◆ Task requirements ◆
Please transcribe the entries exactly and omit the images they contain.

◆ Input data ◆
------------------------

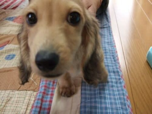 お友達のお家でワンコを飼い始めたというので,見に行ってきました~ [はじめましてぼく,ノアです] さすが子犬 起きてるときは片時もじっとしてないので,飼い主さんにキャッチしてもらって写真をパチリ 4ヶ月だそうだけど,ミニチュアダックスだからか…
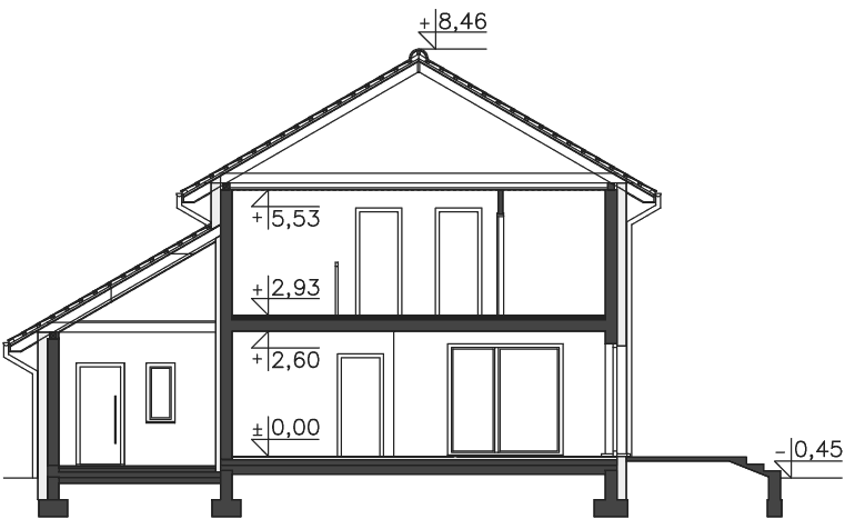 Można usytuować dom wjazdem od wschodu (lustrzane odbicie) lub zachodu, wówczas połać będzie od południa.
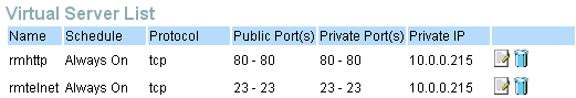 При включении возможности удаленного управления (Remote Access), разрешается доступ к WEB-интерфейсу и консольному интерфейсу устройства. Это достигается за счет создания 2-х виртуальных серверов, которые перенаправляют запросы, поступившие на WAN-интерфейс роутера, на адрес его интерфейса LAN (в данном случае адрес интерфейса LAN — 10.0.0.215).
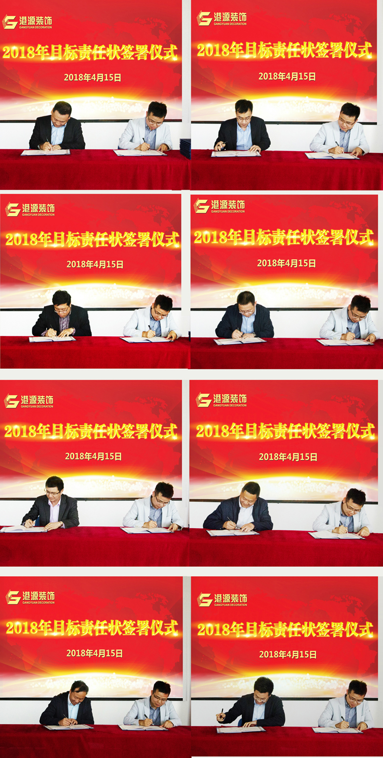 為全面落實公司年度戰(zhàn)略目標,強化績效和激勵機制,4月15日,港源裝飾各運營分公司在會議上簽署了2018年度目標責任狀,并明確地將年度目標層層下達,使“年初有計劃、年底有考核”的閉環(huán)管理模式真正實現(xiàn)落地!
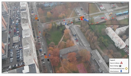 Based on the three safety indicators extracted from the DataFromSky Viewer program, a detailed analysis of potential conflicts around the primary school was made. The trajectories of passenger cars and AT users were extracted, and conflicts were identified. Near collisions between vehicles and pedestrians in DataFromSky were detected using TTC in case vehicles were moving at a constant speed and in a constant direction at the moment of analysis. A limit for time-to-collision of 2 s from the potential collision was established. PET was defined as the time difference between when a pedestrian leaves the conflict zone and a vehicle enters it. This threshold was set at 1.5 s. Heavy braking was defined as deceleration greater than −2.5 ms−2. All of the DataFromSky data were collected in a database which was further analyzed using statistical tools. Based on the three safety indicators, and by reviewing the footage, a total of 43 potential conflicts were identified (14 time-to-collision, 6 heavy braking, and 23 post-encroachment time). Based on a literature review and a review of videos, the threshold values of these safety indicators were determined and are described in the following sections. All determined potential conflicts from DataFromSky Viewer were observed and analyzed from drone footage following the time steps and their location on the network. All potential conflicts marked by three surrogate safety indicators were confirmed as risky via video observation. Figure 4 shows the setup of the investigated school area with the locations of all potential conflicts. Almost all potential conflicts were identified as having occurred on pedestrian crossings. This indicates that most AT users respect traffic rules and use appropriate pedestrian crossings. Four potential conflicts occurred outside of pedestrian crossing areas: three time-to-collision and one post-encroachment time. On the far left TTC point (indicated by the number 1), a pedestrian was crossing the road illegally. The TTC point (indicated by 2) denotes a car–bicycle potential conflict, where the car driver parked at a bus station. The TTC conflict point (marked with 3) denotes a pedestrian–bicycle conflict in front of the school entrance and on the pedestrian sidewalk. The pedestrian density was high, and the cyclist passed them at high-speed. The PET conflict on the pavement (marked with 4) was a car–pedestrian conflict, where the pedestrian was crossing a road outside of the pedestrian crossing area.
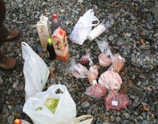 ●主な物 肉(各種)5kg×2袋・キャベツ1玉半・玉ねぎ3個・椎茸数本・缶ビール(350ml×30本)・日本酒1.8リットル(紙パック)×2本・麦焼酎「いいちこ」(900ml紙パック)×1本・赤ワイン720ml×1本・木炭・焼き網など。各自分担してザックに詰め込み山頂へと向かう。

------------------------

◆ Exercise output ◆
 お友達のお家でワンコを飼い始めたというので,見に行ってきました~ [はじめましてぼく,ノアです] さすが子犬 起きてるときは片時もじっとしてないので,飼い主さんにキャッチしてもらって写真をパチリ 4ヶ月だそうだけど,ミニチュアダックスだからか…
 Można usytuować dom wjazdem od wschodu (lustrzane odbicie) lub zachodu, wówczas połać będzie od południa.
 При включении возможности удаленного управления (Remote Access), разрешается доступ к WEB-интерфейсу и консольному интерфейсу устройства. Это достигается за счет создания 2-х виртуальных серверов, которые перенаправляют запросы, поступившие на WAN-интерфейс роутера, на адрес его интерфейса LAN (в данном случае адрес интерфейса LAN — 10.0.0.215).
 為全面落實公司年度戰(zhàn)略目標,強化績效和激勵機制,4月15日,港源裝飾各運營分公司在會議上簽署了2018年度目標責任狀,并明確地將年度目標層層下達,使“年初有計劃、年底有考核”的閉環(huán)管理模式真正實現(xiàn)落地!
 Based on the three safety indicators extracted from the DataFromSky Viewer program, a detailed analysis of potential conflicts around the primary school was made. The trajectories of passenger cars and AT users were extracted, and conflicts were identified. Near collisions between vehicles and pedestrians in DataFromSky were detected using TTC in case vehicles were moving at a constant speed and in a constant direction at the moment of analysis. A limit for time-to-collision of 2 s from the potential collision was established. PET was defined as the time difference between when a pedestrian leaves the conflict zone and a vehicle enters it. This threshold was set at 1.5 s. Heavy braking was defined as deceleration greater than −2.5 ms−2. All of the DataFromSky data were collected in a database which was further analyzed using statistical tools. Based on the three safety indicators, and by reviewing the footage, a total of 43 potential conflicts were identified (14 time-to-collision, 6 heavy braking, and 23 post-encroachment time). Based on a literature review and a review of videos, the threshold values of these safety indicators were determined and are described in the following sections. All determined potential conflicts from DataFromSky Viewer were observed and analyzed from drone footage following the time steps and their location on the network. All potential conflicts marked by three surrogate safety indicators were confirmed as risky via video observation. Figure 4 shows the setup of the investigated school area with the locations of all potential conflicts. Almost all potential conflicts were identified as having occurred on pedestrian crossings. This indicates that most AT users respect traffic rules and use appropriate pedestrian crossings. Four potential conflicts occurred outside of pedestrian crossing areas: three time-to-collision and one post-encroachment time. On the far left TTC point (indicated by the number 1), a pedestrian was crossing the road illegally. The TTC point (indicated by 2) denotes a car–bicycle potential conflict, where the car driver parked at a bus station. The TTC conflict point (marked with 3) denotes a pedestrian–bicycle conflict in front of the school entrance and on the pedestrian sidewalk. The pedestrian density was high, and the cyclist passed them at high-speed. The PET conflict on the pavement (marked with 4) was a car–pedestrian conflict, where the pedestrian was crossing a road outside of the pedestrian crossing area.
 ●主な物 肉(各種)5kg×2袋・キャベツ1玉半・玉ねぎ3個・椎茸数本・缶ビール(350ml×30本)・日本酒1.8リットル(紙パック)×2本・麦焼酎「いいちこ」(900ml紙パック)×1本・赤ワイン720ml×1本・木炭・焼き網など。各自分担してザックに詰め込み山頂へと向かう。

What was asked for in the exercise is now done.